When some Anchorage precincts ran out of ballots on Election Day, frustrated voters were asked to cast substitute ballots. They selected their mayor using ballots printed for faraway precincts. They marked their vote on a controversial gay rights proposal on blue sample ballots or hastily made photocopies. On Thursday, 1,800 of those makeshift ballots were being counted at City Hall even as election officials and city leaders work to untangle just what went wrong April 3. The replacement ballots couldn’t be counted alongside regular ballots the night of the election because they’re incompatible with voting machines, said City Clerk Barbara Gruenstein. “These are the ones that people showed up at their own home precincts … but there was a shortage of ballots,” Gruenstein said. “So they voted a sample ballot that won’t slide through the machine.” The city will release results of the 1,800 “unscannable” votes as soon as they become available, Gruenstein said.

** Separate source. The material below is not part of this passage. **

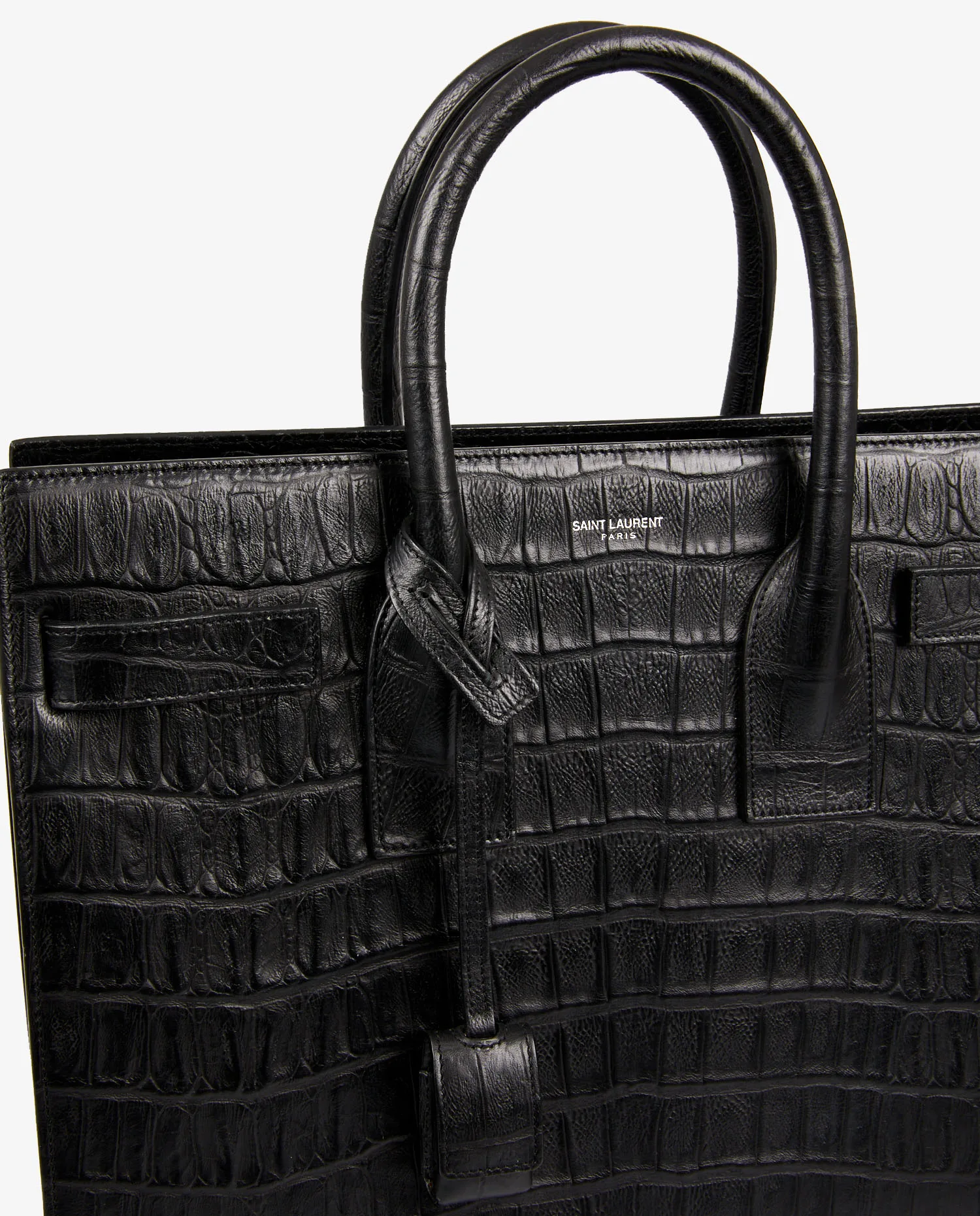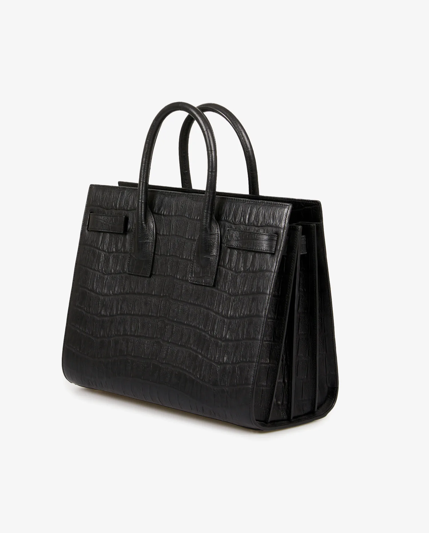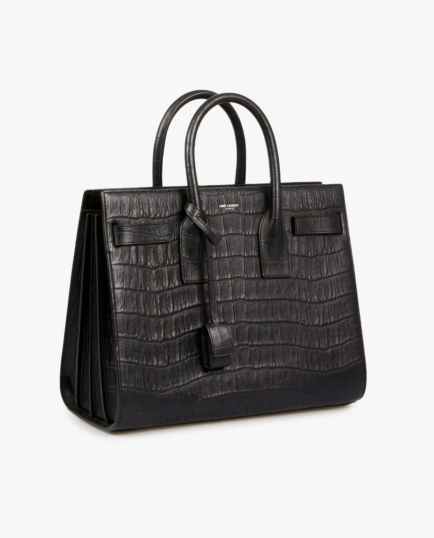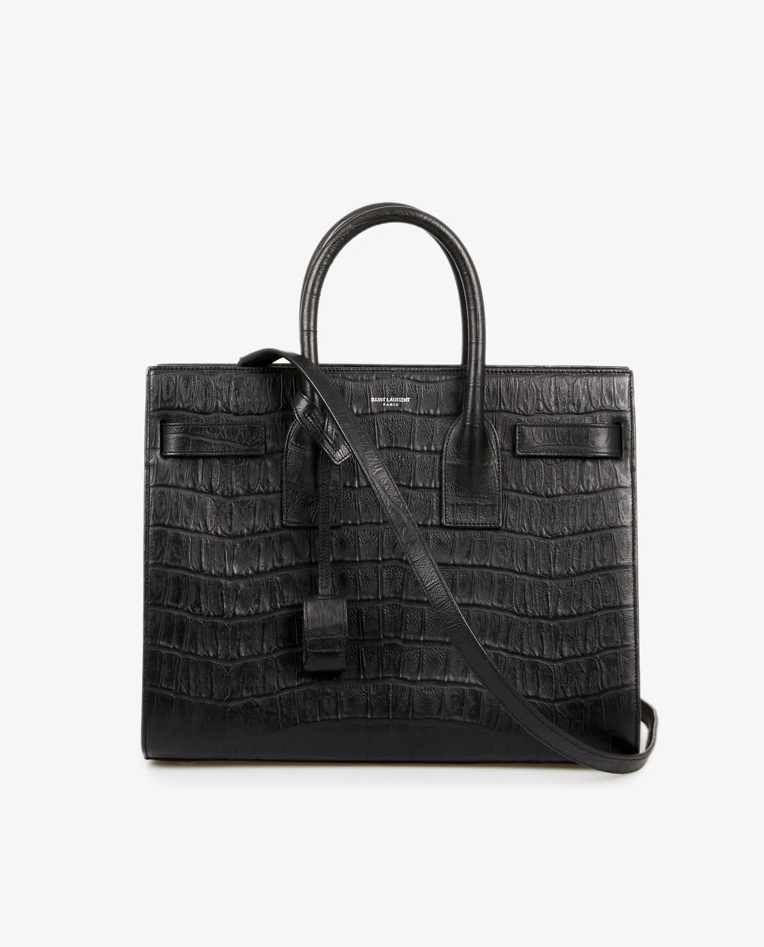 Sac de jour small Saint Laurent en cuir embossé effet crocodile. Porté à la main ou bien à l’épaule à l’aide d’une bandoulière amovible (108cm). Grand espace de rangement à l’intérieur. En très bon état.

Also on Thursday, the American Civil Liberties Union of Alaska announced it had made a public records request calling on the city to produce detailed paperwork that would reveal how many ballots were sent to each precinct, the names of people who voted questioned ballots and other information.
The latest counting effort, which began at 2 p.m., is one more step toward learning exactly how many people cast eligible ballots in the city elections and whom they voted for. A trickier question — how many people tried to vote but were unable to because of the shortages? — will be harder to answer.